Sementara itu, laporan dari Institute for Supply Management menunjukkan aktivitas sektor jasa mencapai level tertinggi dalam 21 tahun terakhir pada bulan September. Kedua data tersebut pun meningkatkan ekspektasi untuk kenaikan suku bunga acuan Federal Reserve AS pada bulan Desember.
“Mata uang emerging-market di Asia akan mengalami sedikit aksi jual menyusul lonjakan pada imbal hasil Treasury, meskipun pelemahannya diperkirakan akan tertahan,” ujar Raymond Lee, seorang pengelola uang di Kapstream Capital, Sydney, seperti dikutip Bloomberg.

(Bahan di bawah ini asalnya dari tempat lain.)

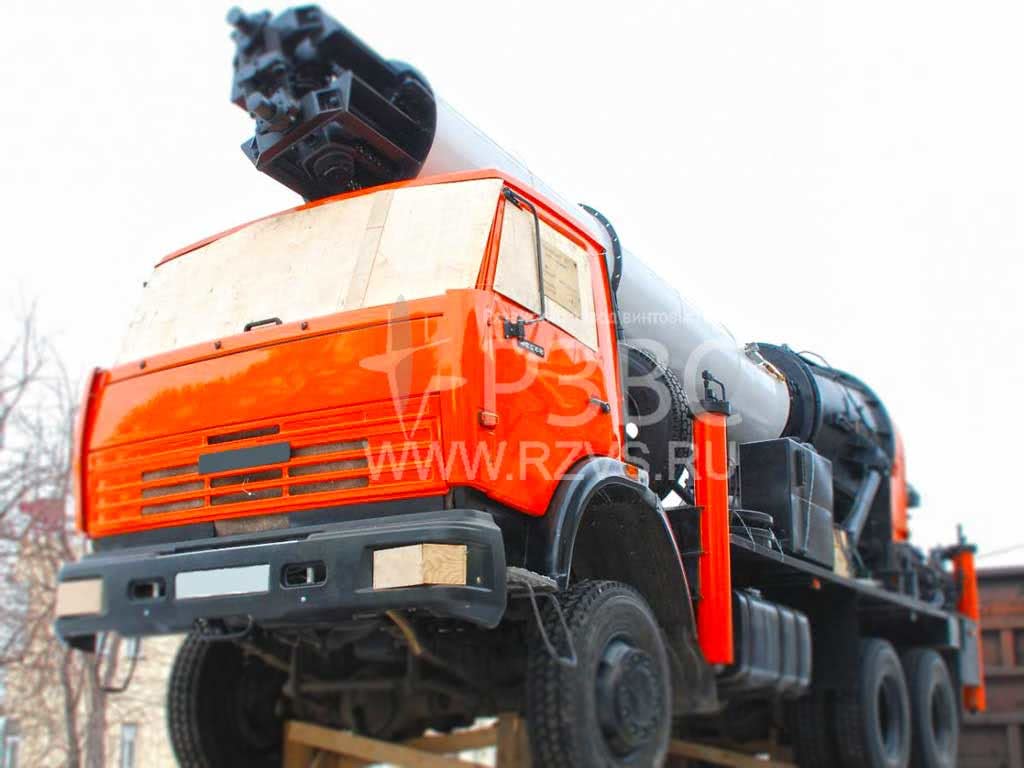 Более сложной является установка для закручивания винтовых свай. Она применяется для монтажа винтовых свай диаметром более 108 мм и длиной более 2,5 метров. Установка состоит из платформы (базовый автомобиль, гусеничное или колесное шасси) на которой размещается основное оборудование, опорных домкратов, гидравлической системы, рабочего органа, привода вращения и наклона, рычагов и пульта управления, а также вспомогательных деталей. С помощью такой установки винтовая свая втягивается внутрь рабочего органа, укрепленного шарнирным способом на раме. Боковые редукторы обеспечивают необходимый угол погружения винтовой сваи. Далее происходит само вращение (ввинчивание) сваи. При этом на нее воздействует и осевая нагрузка.

Baca: The Fed Naikkan Suku Bunga, Pelaku Pasar Tunggu Respons BI
Secara keseluruhan, pasar ekuitas dan mata uang di Asia merosot setelah lonjakan pada imbal hasil Treasury AS meresahkan investor tentang valuasi ekuitas seiring dengan prospek pengetatan moneter oleh Federal Reserve AS. Sejalan dengan IHSG, indeks saham lainnya di kawasan Asia Tenggara juga bergerak negatif pagi ini, dengan indeks FTSE Straits Time Singapura (-0,88 persen), indeks FTSE Malay KLCI (-0,33 persen), dan indeks PSEi Filipina (-0,67 persen).